Exclude the pictures and set down, unaltered, the lines from the one that holds "1995-1997 Lincoln Town" through the end of the data.

▼

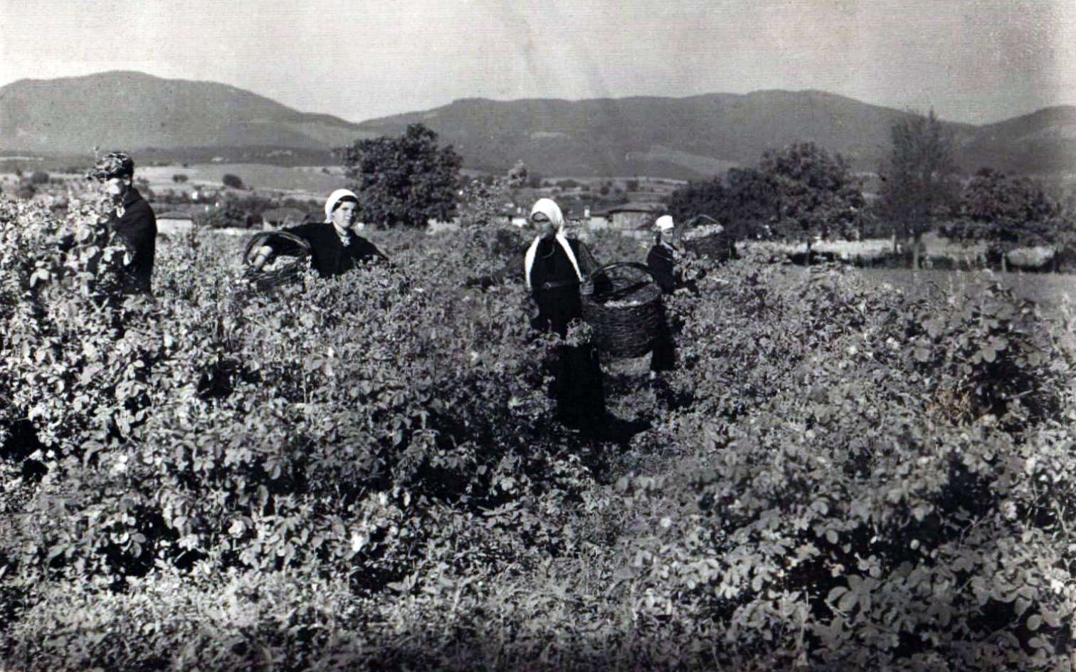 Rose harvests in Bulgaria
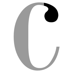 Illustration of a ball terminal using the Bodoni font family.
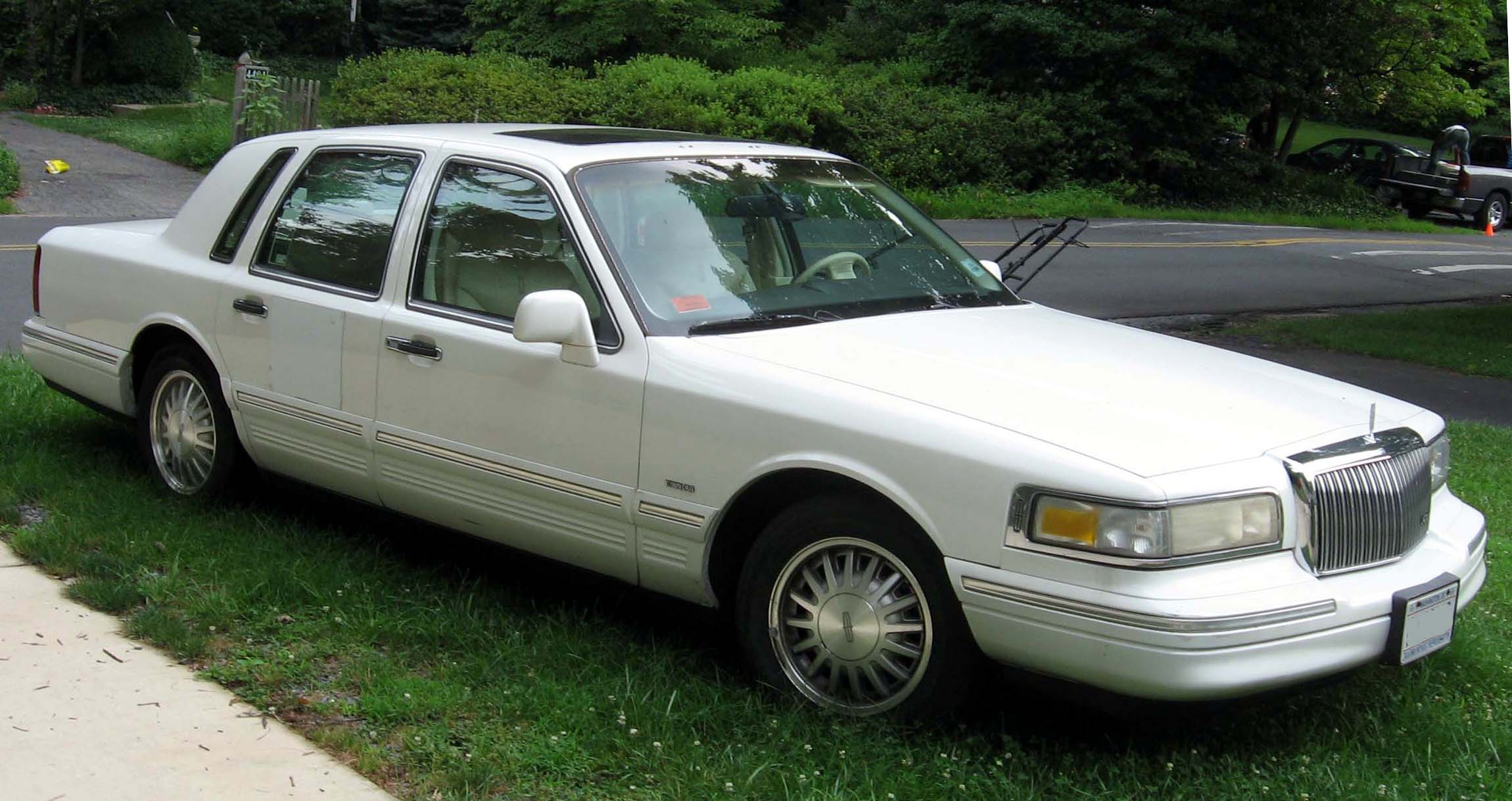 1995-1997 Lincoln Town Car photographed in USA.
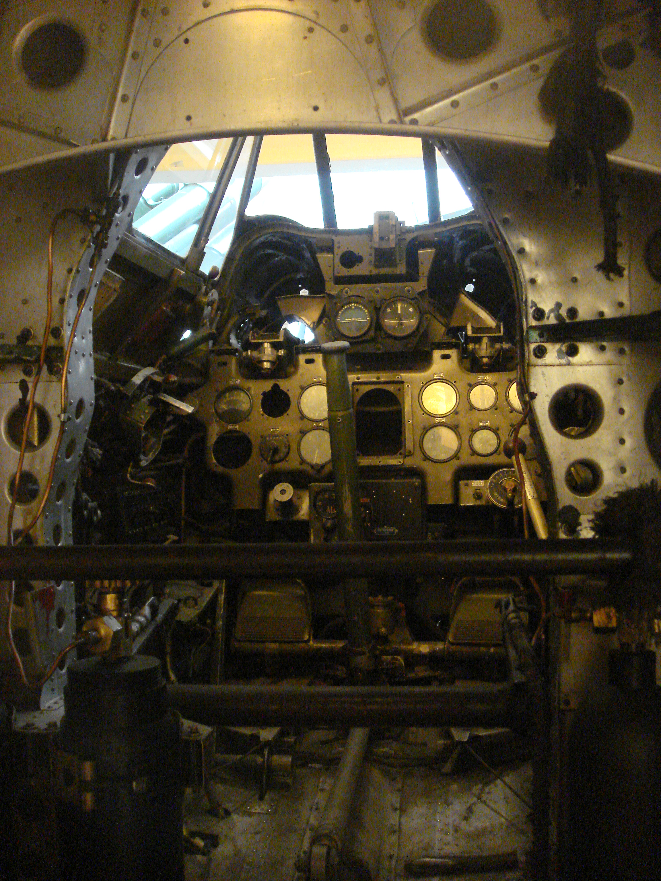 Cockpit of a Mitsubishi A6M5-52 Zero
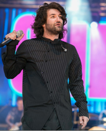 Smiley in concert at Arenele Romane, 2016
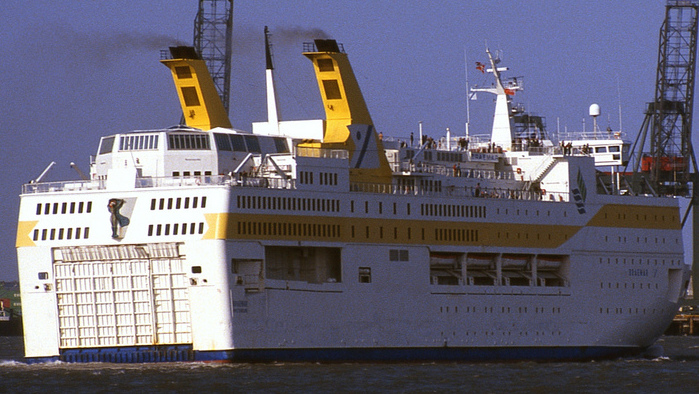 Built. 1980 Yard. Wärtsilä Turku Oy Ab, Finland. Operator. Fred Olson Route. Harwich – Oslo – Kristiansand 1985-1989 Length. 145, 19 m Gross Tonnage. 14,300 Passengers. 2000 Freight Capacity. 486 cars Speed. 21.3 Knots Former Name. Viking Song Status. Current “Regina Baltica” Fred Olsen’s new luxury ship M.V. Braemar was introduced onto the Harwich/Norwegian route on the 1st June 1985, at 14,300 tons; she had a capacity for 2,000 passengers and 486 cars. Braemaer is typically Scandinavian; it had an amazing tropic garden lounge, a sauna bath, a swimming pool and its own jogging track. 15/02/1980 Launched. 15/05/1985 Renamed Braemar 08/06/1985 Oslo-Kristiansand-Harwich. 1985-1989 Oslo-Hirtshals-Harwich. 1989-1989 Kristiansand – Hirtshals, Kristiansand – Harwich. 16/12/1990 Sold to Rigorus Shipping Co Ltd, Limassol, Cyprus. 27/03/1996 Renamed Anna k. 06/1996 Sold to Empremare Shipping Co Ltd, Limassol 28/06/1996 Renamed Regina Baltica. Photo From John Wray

▲

[OUTPUT BELOW]
 1995-1997 Lincoln Town Car photographed in USA.
 Cockpit of a Mitsubishi A6M5-52 Zero
 Smiley in concert at Arenele Romane, 2016
 Built. 1980 Yard. Wärtsilä Turku Oy Ab, Finland. Operator. Fred Olson Route. Harwich – Oslo – Kristiansand 1985-1989 Length. 145, 19 m Gross Tonnage. 14,300 Passengers. 2000 Freight Capacity. 486 cars Speed. 21.3 Knots Former Name. Viking Song Status. Current “Regina Baltica” Fred Olsen’s new luxury ship M.V. Braemar was introduced onto the Harwich/Norwegian route on the 1st June 1985, at 14,300 tons; she had a capacity for 2,000 passengers and 486 cars. Braemaer is typically Scandinavian; it had an amazing tropic garden lounge, a sauna bath, a swimming pool and its own jogging track. 15/02/1980 Launched. 15/05/1985 Renamed Braemar 08/06/1985 Oslo-Kristiansand-Harwich. 1985-1989 Oslo-Hirtshals-Harwich. 1989-1989 Kristiansand – Hirtshals, Kristiansand – Harwich. 16/12/1990 Sold to Rigorus Shipping Co Ltd, Limassol, Cyprus. 27/03/1996 Renamed Anna k. 06/1996 Sold to Empremare Shipping Co Ltd, Limassol 28/06/1996 Renamed Regina Baltica. Photo From John Wray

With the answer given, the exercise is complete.